**TASK TO COMPLETE**
Pictures stay out of the copy; output exactly the lines from the one containing "JOYROOM SHARP adatkábel" through the end of the material.

**MATERIAL PROVIDED**
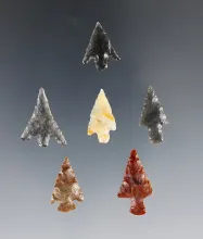 Set of 6 fine Columbia River Points. Ex. Frank Wilke. The largest is 7/8". |
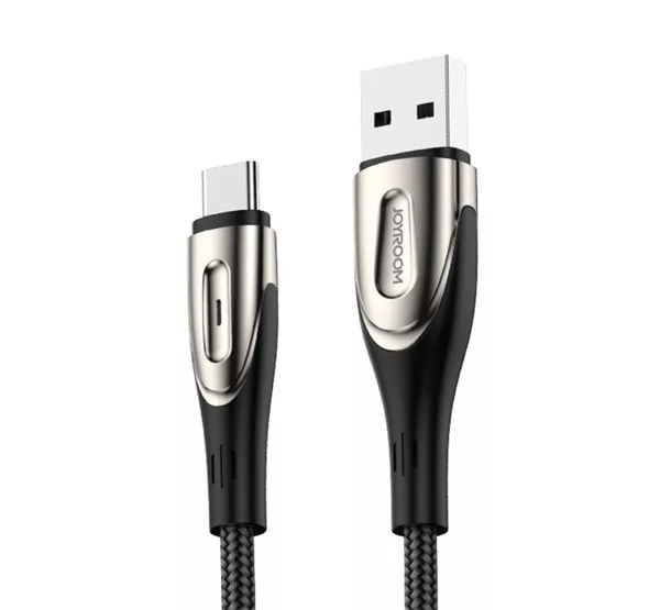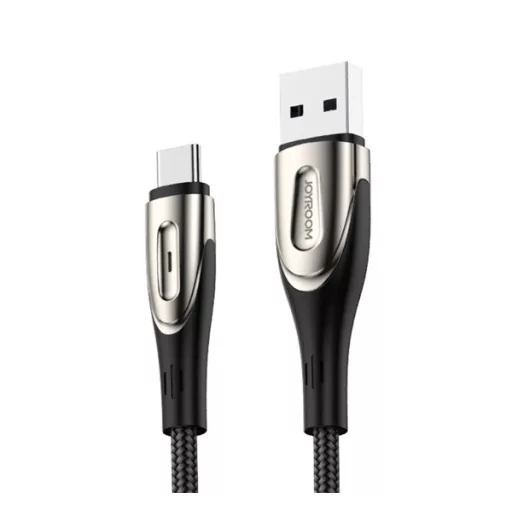 JOYROOM SHARP adatkábel USB - Type-C, LED jelzés, FEKETE
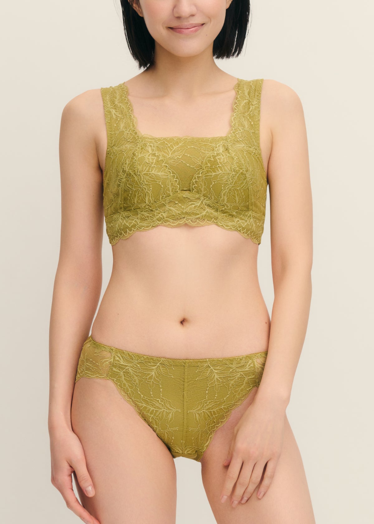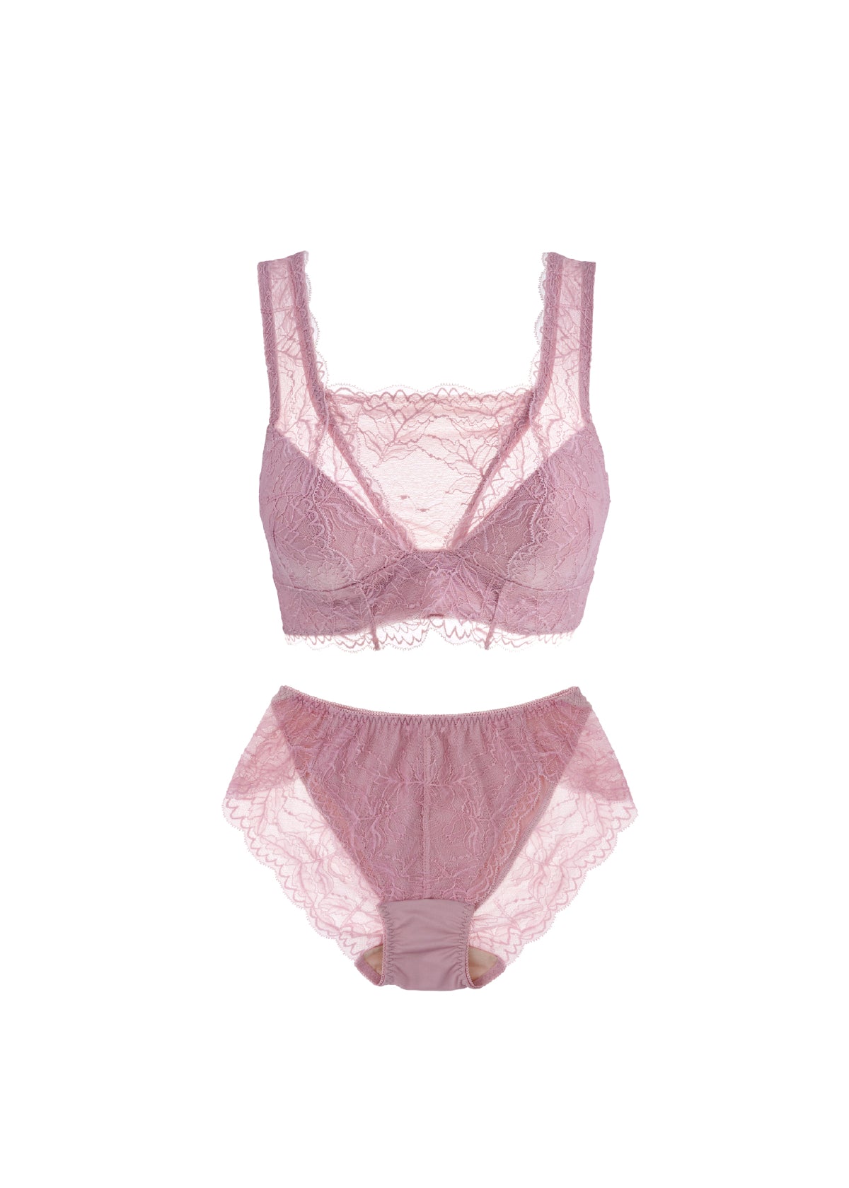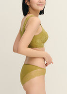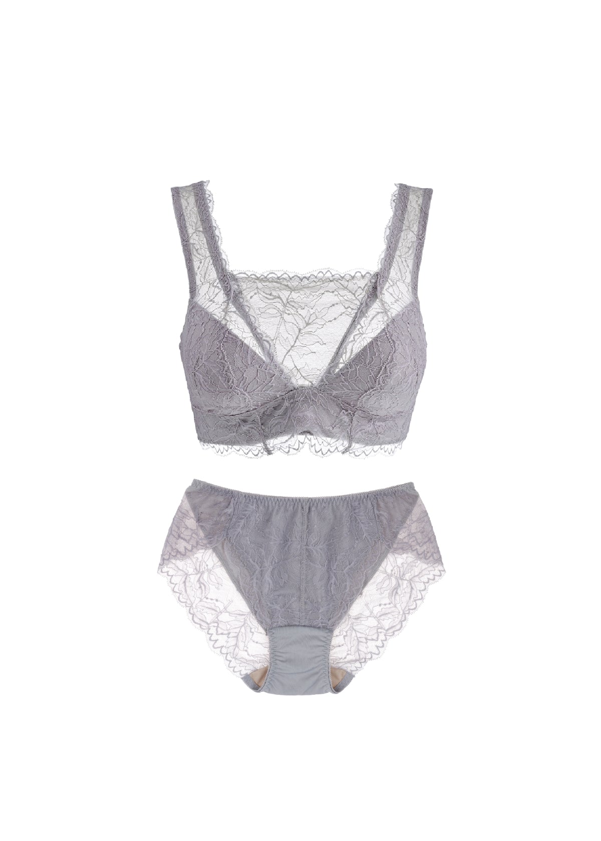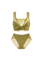 日常のユレ&タレを抑え、バストケアしながら下垂を防ぐ!ブレないエイジングブラと、リーフ柄でエレガントな印象のバックレースデザインでヒップラインもひびかず、ノンストレスな履き心地のストレッチレースのショーツ。

**ANSWER TO THE PROBLEM**
 JOYROOM SHARP adatkábel USB - Type-C, LED jelzés, FEKETE
 日常のユレ&タレを抑え、バストケアしながら下垂を防ぐ!ブレないエイジングブラと、リーフ柄でエレガントな印象のバックレースデザインでヒップラインもひびかず、ノンストレスな履き心地のストレッチレースのショーツ。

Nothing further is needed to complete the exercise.